RewriteCond %{HTTP_USER_AGENT} ^"". [NC,OR]
RewriteCond %{HTTP_USER_AGENT} "Comodo\ Spider\." [NC,OR]
# RewriteCond %{HTTP_USER_AGENT} "Firefox/[1-5]\." [NC,OR]
RewriteCond %{HTTP_USER_AGENT} ^Firefox/3.6a1pre [NC,OR]
RewriteCond %{HTTP_USER_AGENT} ^Firefox/4.0b8pre [NC,OR]
RewriteCond %{HTTP_USER_AGENT} "Firefox/10\." [NC,OR]
RewriteCond %{HTTP_USER_AGENT} "Firefox/11\." [NC,OR]
RewriteCond %{HTTP_USER_AGENT} "Firefox/12\." [NC,OR]
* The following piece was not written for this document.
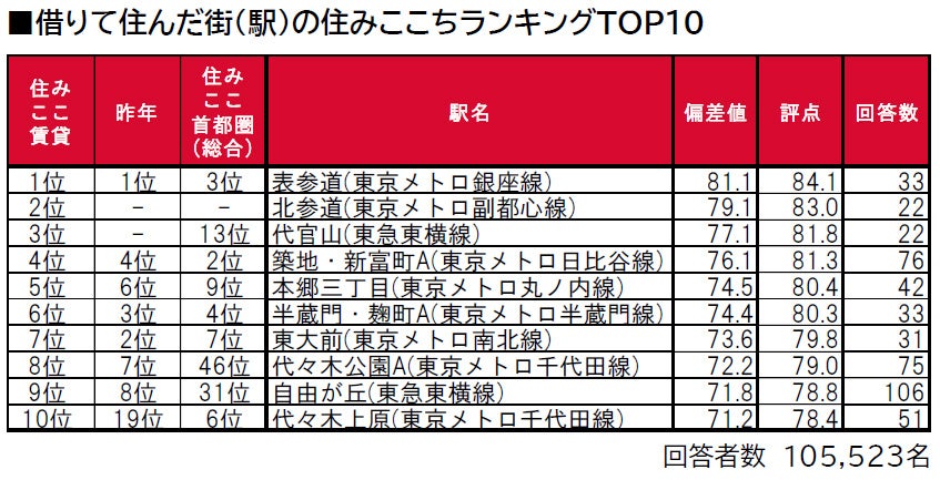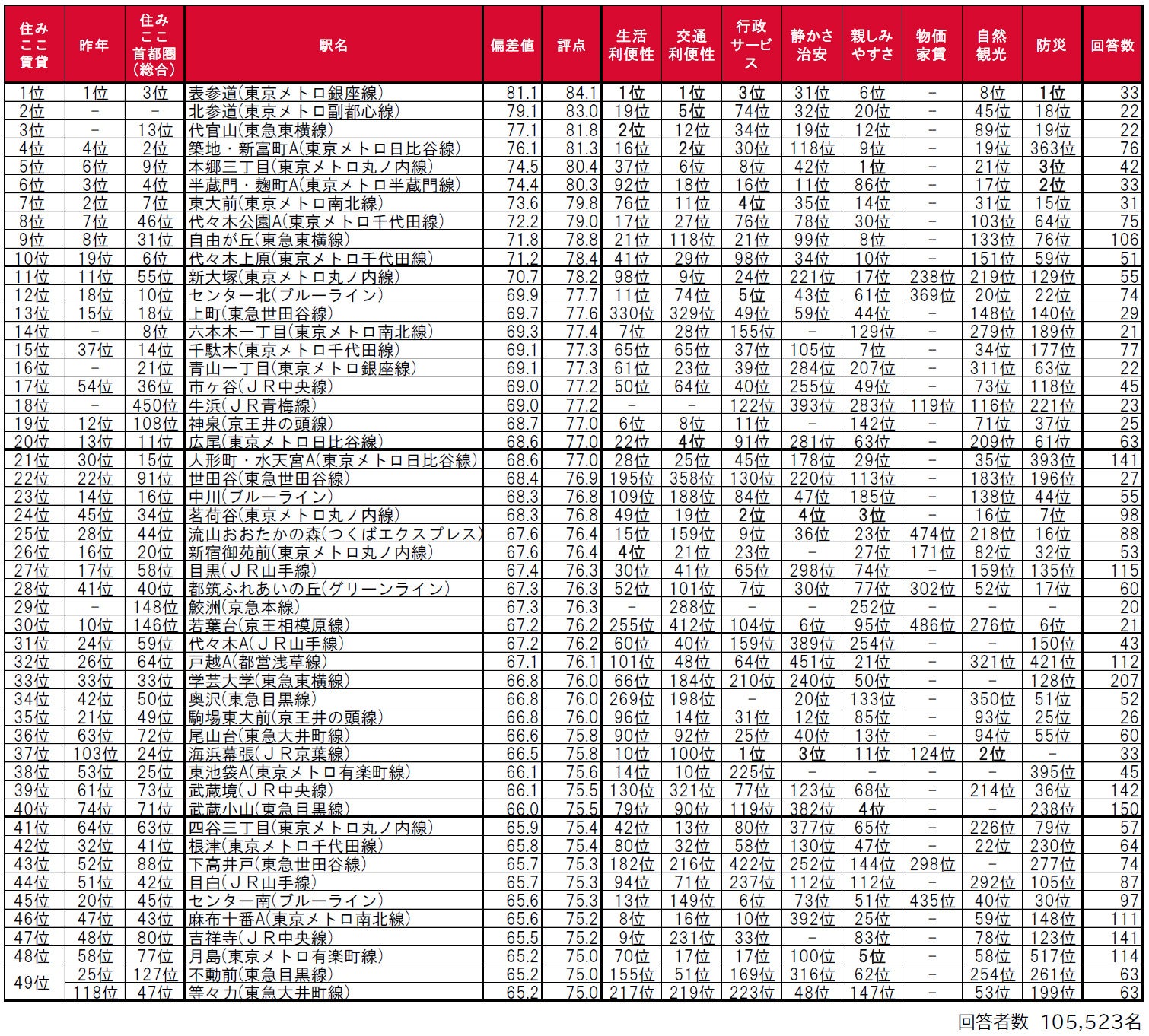 - 借りて住んだ街(駅)の住みここちランキング〈1位~49位〉

RewriteCond %{HTTP_USER_AGENT} "Firefox/13\." [NC,OR]
RewriteCond %{HTTP_USER_AGENT} "Firefox/14\." [NC,OR]
RewriteCond %{HTTP_USER_AGENT} "Firefox/15\." [NC,OR]
RewriteCond %{HTTP_USER_AGENT} "Firefox/16\." [NC,OR]
RewriteCond %{HTTP_USER_AGENT} "Firefox/17\." [NC,OR]
RewriteCond %{HTTP_USER_AGENT} "Firefox/19\." [NC,OR]
RewriteCond %{HTTP_USER_AGENT} "Firefox/21\." [NC,OR]
RewriteCond %{HTTP_USER_AGENT} "Firefox/22\." [NC,OR]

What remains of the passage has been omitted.